Crystal Waters And Balloons – Playing With Art

Its Saturday, the last day at sea on a 7-day cruise to the Caribbean. Last night became one of the more memorable evenings I’ve had in a long time. Because I’m new to ballroom dance, I have been looking for social gatherings to practice my hard-earned dance steps. A typical cruise line will offer dance lessons with the activities team. So, I went about the ship looking for opportunities.

The theme was 70’s Disco Night and it was held in the Grand Foyer where everyone is watching on each level of the deck. You know how this can go: a few brave and well-intentioned souls who start out on the floor after the second song, sometimes they’re off-beat but they don’t care.
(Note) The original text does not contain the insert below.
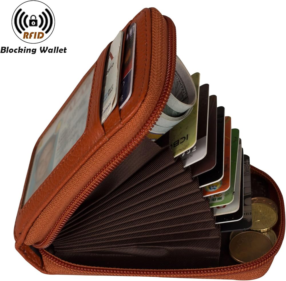 Material: 100% Cowhide Genuine Leather, Zip-Around Closure, Soft and Durable

Last night was no exception. Soon a few more got out there, then two or three more.

Then—an amazing thing happened. The Activities Manager showed up with bags of inflated balloons in blue and white, some large and some small. He started bouncing the balloons into the air over the heads of dancers and then he started dancing. The room went electric. All the people who were standing on the sidelines suddenly had the bravery to get on the dance floor. They were watching for a chance to slap at the balloons as they rose and fell overhead. Then folks started swaying to the music and a dance train was formed. It wound through the Foyer into the nearby passageways, growing longer and longer. The dance floor filled to overflowing capacity with dancers from every age, race, and ethnic family.

What changed the room from ho-hum to power-charged? The chance to play and feel like a kid again. Play is so important to adults, but few really take the time to work it into a fully-charged electronically measured day.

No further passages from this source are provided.